Flail chest Flail chest terjadi ketika segmen dinding dada tidak mempunyai lagi kontuinitas dengan keseluruhan dinding dada yang dapt disebabkan fraktur iga multipel pada dua atau lebih tulang iga dengan dua atau lebih gratis fraktur. Flail chest menyebabkan gangguan pergerakan dinding dada. Bila flail chest menyebabkan kerusakan parenkim paru di bawahnya akan menyebabkan hipoksia yang serius. Flail chest bisa saja tidak dapat terlihat pada awalnya sebab splinting pada dinding dada.
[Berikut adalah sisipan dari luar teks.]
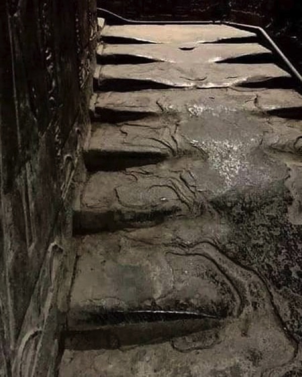 Bậc thang dẫn lên Đền Hathor, nằm ở Ai Cập, vẫn là một bí ẩn hoàn toàn đối với các nhà khảo cổ học. Những bậc thang này đã bị tan chảy một cách kỳ lạ, điều mà khoa học chưa thể giải thích được, bởi chúng được xây dựng từ đá granite rắn chắc. Khi xem xét kỹ lưỡng, có thể thấy rằng sự hư hại của các bậc thang này không thể là do xói mòn hay hao mòn tự nhiên.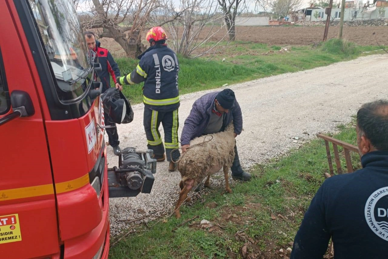 Denizli’nin Çivril İlçesinde 5 metrelik kuyuya düşen koyun itfaiye ekiplerinin çalışmasıyla kurtarıldı.

Gerakan pernafasan menjadi buruk dan

thoraks bergerak asimetris serta tidak terkoordinasi. Pada pemeriksaan palpasi didapatkan gerakan pernafasan yang abnormal dan krepitasi iga atau fraktur tulang rawan. Terapi awal yang dapat dilakukan dengan memberikan ventilasi yang adekuat, oksigen yang dilembabkan serta resusitasi cairan. Bila tidak ada syok maka pemberian kristaloid harus hatihati mencegah kelebihan pemberian cairan. Terapi definitif dilakukan dengan tujuan untuk mengembangkan paru-paru dan oksigenasi yang cukup serta pemeberian cairan juga analgesia untuk memperbaiki ventilasi.